This study focuses on the approach of identifying semantic relationships from unstructured textual documents related to river water pollution from websites and proposes a lexical pattern technique to acquire the instances. This study has identified 10 types of concepts (entities), 10 object properties (or semantic relations) and twenty lexico-syntactic patterns have been identified manually, including one from the Hearst hyponym rules. The lexical patterns have linked 45 terms that have the potential as instances. Based on this study, it is believed that determining the lexical pattern at an early stage is helpful in selecting relevant term from a wide collection of terms from the corpus.
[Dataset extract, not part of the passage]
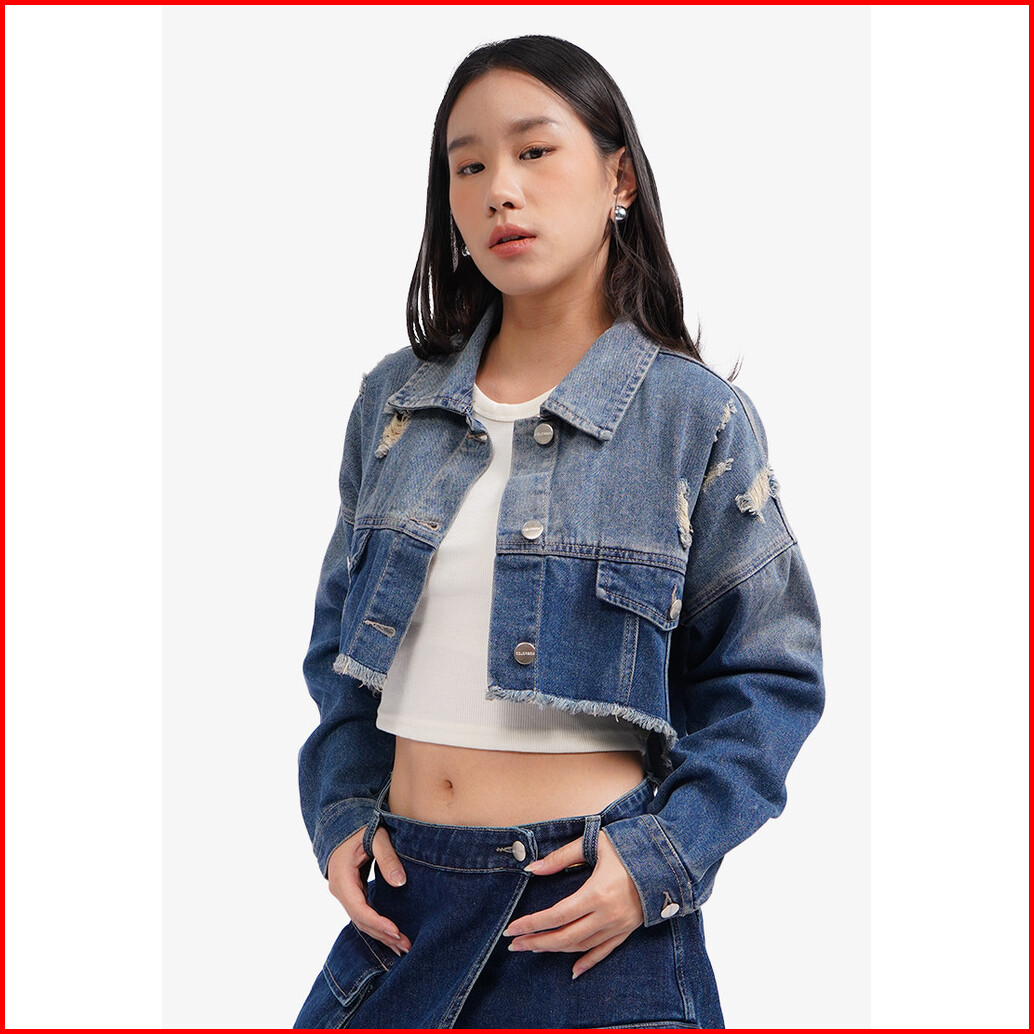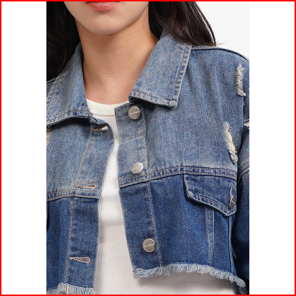 Colorbox Ripped Denim Jacket Med Blue

However, the relations and lexico-syntactic patterns or rules have to be verified by domain expert before employing the rules to the wider collection in an attempt to find more possible rules. This study shows that background knowledge about the domain is essential to develop the TBox ontology diagram that serve as backbone of the domain ontology. This diagram is essential as guideline in discovering lexico-syntactic patterns therefore expedite the knowledge extraction process.
Copyright: © 2018 The Author(s)
Published by Human Resource Management Academic Research Society (www.hrmars.com)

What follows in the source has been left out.